DIFFERENTIATE BETWEEN COACHING, MENTORING
Mentoring, while often grouped with coaching, has a different function and purpose, so employers must understand the differences and the specific skills and capabilities needed by each. This is how Brandon Hall Group defines mentoring:
- A flexible, ongoing relationship that is long-term, open-ended and can take on new or shifting objectives over time
- Mentoring is between someone seeking advice and counsel related to their personal and career development.
- Mentors are people who have greater experience than the mentee and share their experiences.
- Mentoring objectives are set by the mentees, who drive the process and evaluate their development.
STRATEGICALLY COMMUNICATE YOUR MENTORING PROGRAM
Mentoring is not a “build it and they will come” proposition. If mentoring is not already part of your culture, you can’t start a program and expect it to resonate without a strategic communication campaign. Even if mentoring is somewhat developed, communication and reinforcement are important. Strategies to consider include:
- Develop and publicize guidelines for effective mentoring (in different situations) for both the mentors and mentees.

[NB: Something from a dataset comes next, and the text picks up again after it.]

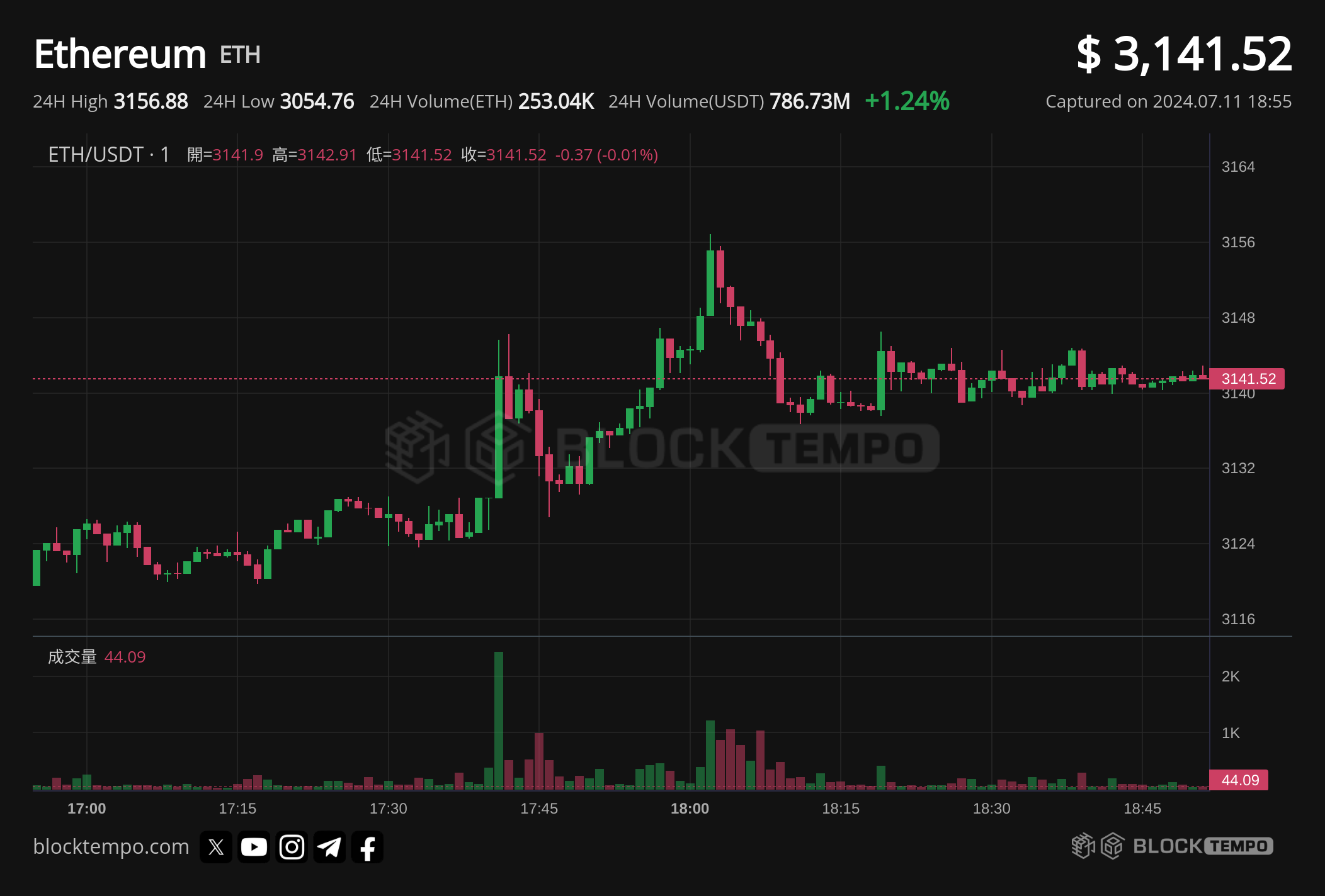 [Test] 快訊》 ETH在5分鐘內大漲0.0067%,達3141.52美元!波動巨大請投資人注意風險 動區消息,ETH在過去5分鐘上漲0.0067%,現報3141.52美元,過去一周漲跌幅達0.809%。 另一方面,BTC當前報價58395.5美元。 據 Glassnode 數據顯示,近 24 小時在全網合約爆倉金額超過$2.02M美元,市場當前波動巨大,請投資人小心謹慎。

- Create topic-specific communication campaigns to recruit mentors and draw interest from employees. For instance, one financial services company we interviewed focused mentoring on career development and promoted it to potential mentors (at VP-level and above). Separate email campaigns were launched to employees at various career levels (entry-level, individual contributors, front-line leaders, midlevel leaders, etc.).
Communicating About Mentoring
STRATEGICALLY MATCH MENTORS AND MENTEES, LEVERAGING TECHNOLOGY
Matching is the secret sauce for a successful mentoring program. Just because a leader has an interest in mentoring and an employee has an interest in advancing her career does not mean a mentoring relationship will work.
Employees and mentors must develop profiles and each should have a firm understanding of what they want from mentoring. In even relatively small organizations, trying to create these matches through manual or semi-manual processes can be overwhelming. Technology is critical for developing, scaling and sustaining a viable mentoring program.
INVEST IN TRAINING AND RESOURCES FOR INTERNAL MENTORS
If mentoring is delivered inconsistently and there is a wide variance in quality, it will fail. Mentors must be trained and have just-in-time resources, such as templates, checklists and tip sheets, to help them. Online training — both self-paced and topic-specific interactive learning — should be provided.
DETERMINE WHETHER YOUR ORGANIZATION CAN DEVELOP, SUSTAIN MENTORING INTERNALLY
Starting and sustaining a strong mentoring program is not easy. But it is a critical strategy for employee development and engagement. As more organizations realize the value of mentoring and the viability of leveraging technology, more organizations are considering external virtual mentoring services.